= Mar bar Rav Ashi =

Babylonian rabbi (died 468)

Mar bar Rav Ashi (מר בר רב אשי) (d. 468) was a Babylonian rabbi who lived in the 5th century (seventh generation of amoraim). He would sign his name as Tavyomi (or Tabyomi, טביומי), which was either his first name or his nickname.

==Biography==
According to Abraham ibn Daud, he received his personal name (Tavyomi) due to the "good days" (Aramaic: tav=good, yomei=days) which prevailed during his lifetime. However, this tradition is difficult to understand, since the beginning of his official activity was marked by the bitter religious persecution by Yazdegerd II. That king died in 457; and his death was ascribed in part to Tavyomi's prayer. The name he is usually known by, Mar bar Rav Ashi, translates to "Master, son of Rav Ashi", as he was the son of Rav Ashi.

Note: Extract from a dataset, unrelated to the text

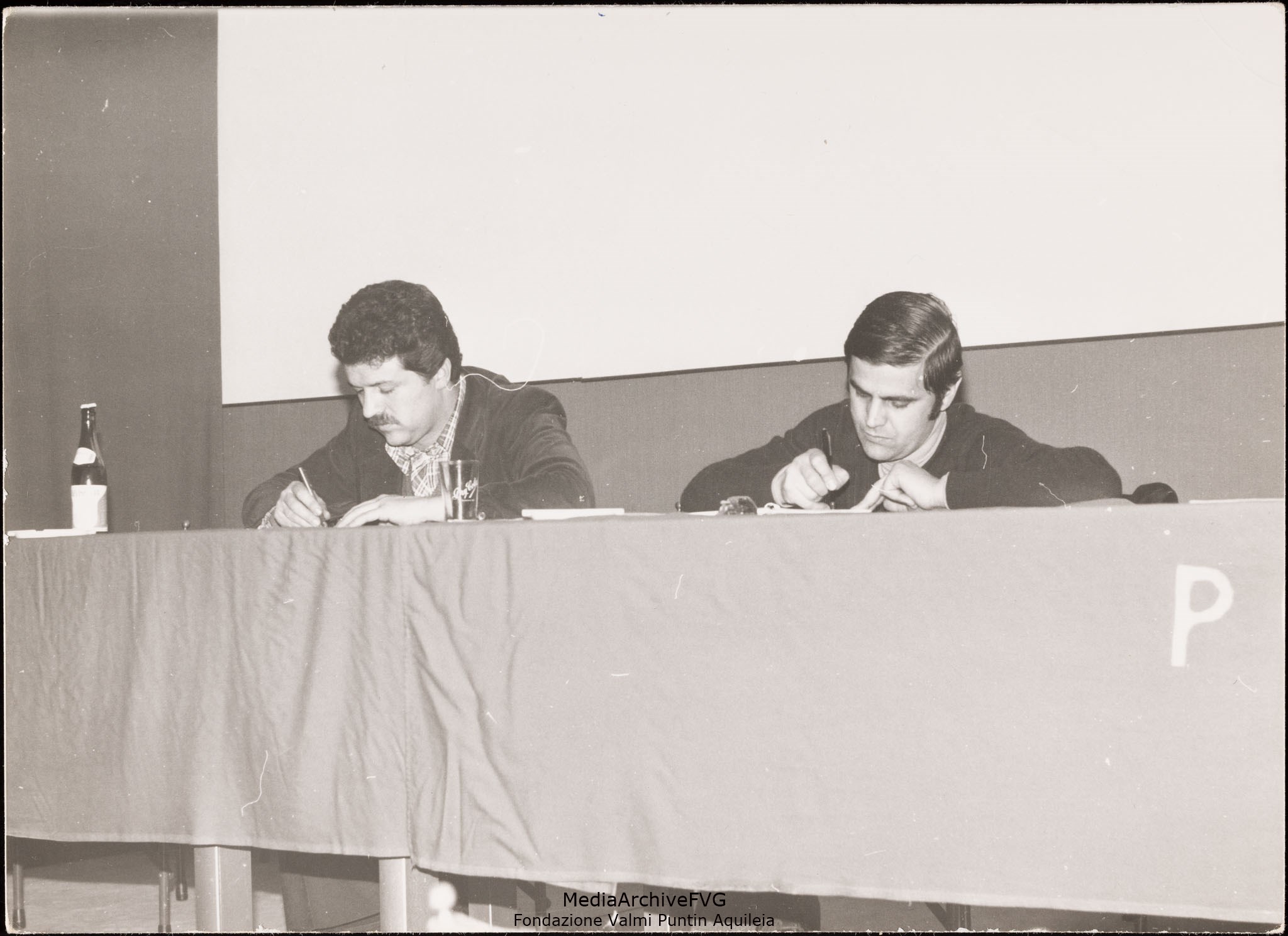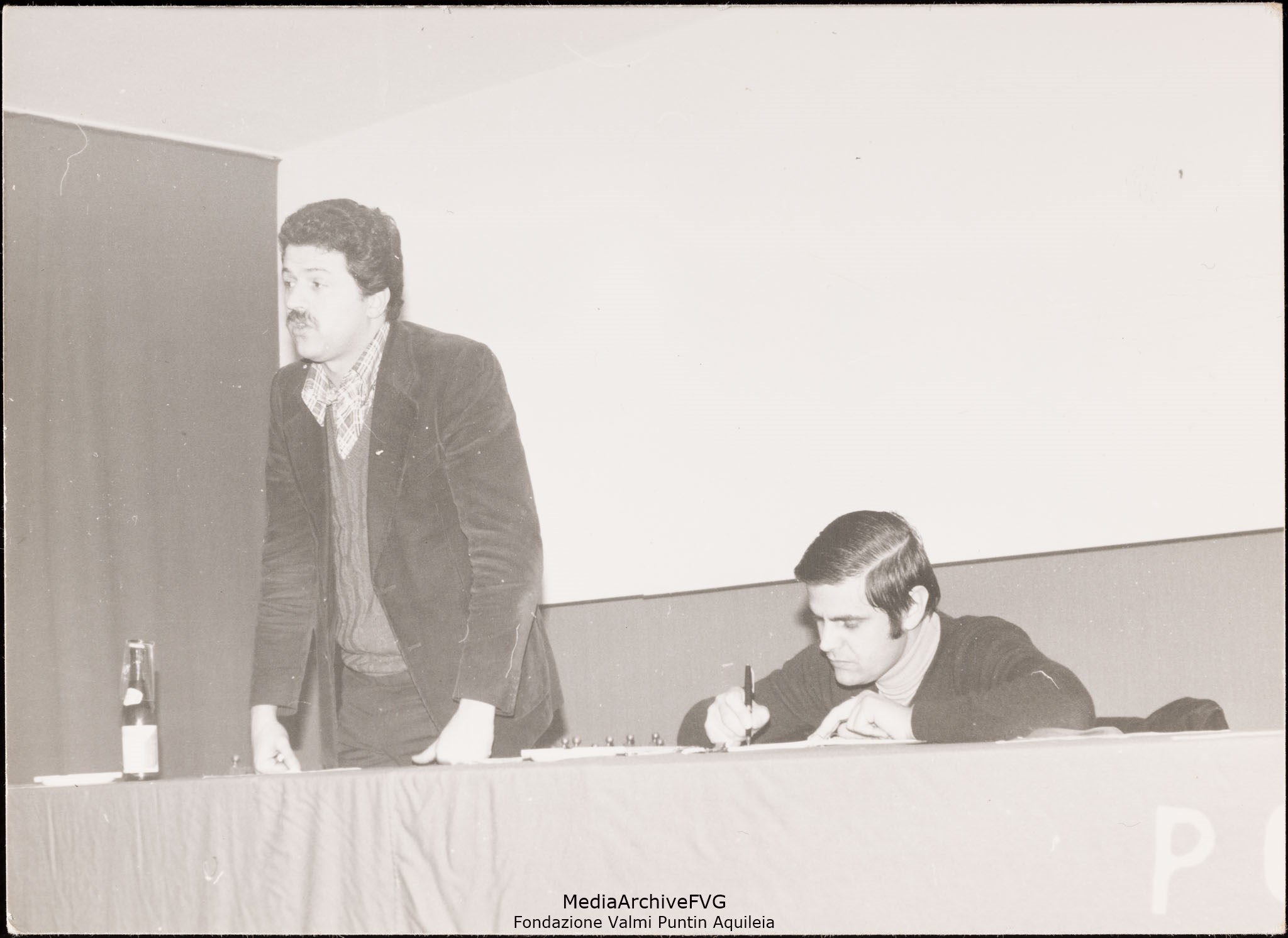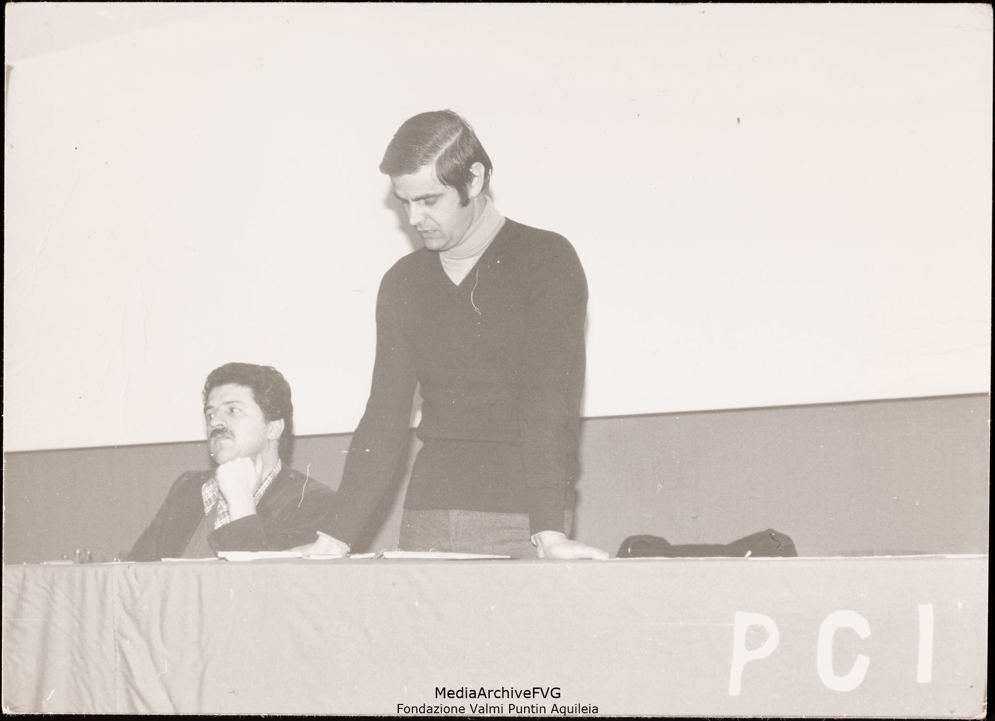 Assemblea del PCI di Aquileia. L'onorevole Giulio Colomba e Lucio Tolloi (segretario della sezione)

He achieved a reputation for scholarship even during Rav Ashi's lifetime. There is an allusion to his marriage, which took place in his father's house.

He was not elected director of the Sura Academy until 455 (ד'רט"ו, Hebrew calendar), 28 years after his father's death, when he was chosen under the extraordinary circumstances as described in the Talmud. He held this position until his death, on the 11th of Tishrei, Motzei (the day after) Yom Kippur, 468.

He continued his father's work in revising the Babylonian Talmud; according to Abraham ibn Daud, he and Maremar were its final redactors.

Few details are known of his official activity. He once issued a ruling about the kashrut practices of the exilarchs. He recused himself from judging Torah scholars, saying: "I love every scholar as myself; and no one can pronounce impartial judgment on himself". The anecdote which relates how he forced a demon into submission is typical of the views both of him and of his time.

His authority in halakhah is shown by a rule (probably of saboraic origin) appearing in Seder Tanna'im veAmora'im, that with two exceptions, decisions are always rendered according to his views. No aggadic sayings of his have been preserved.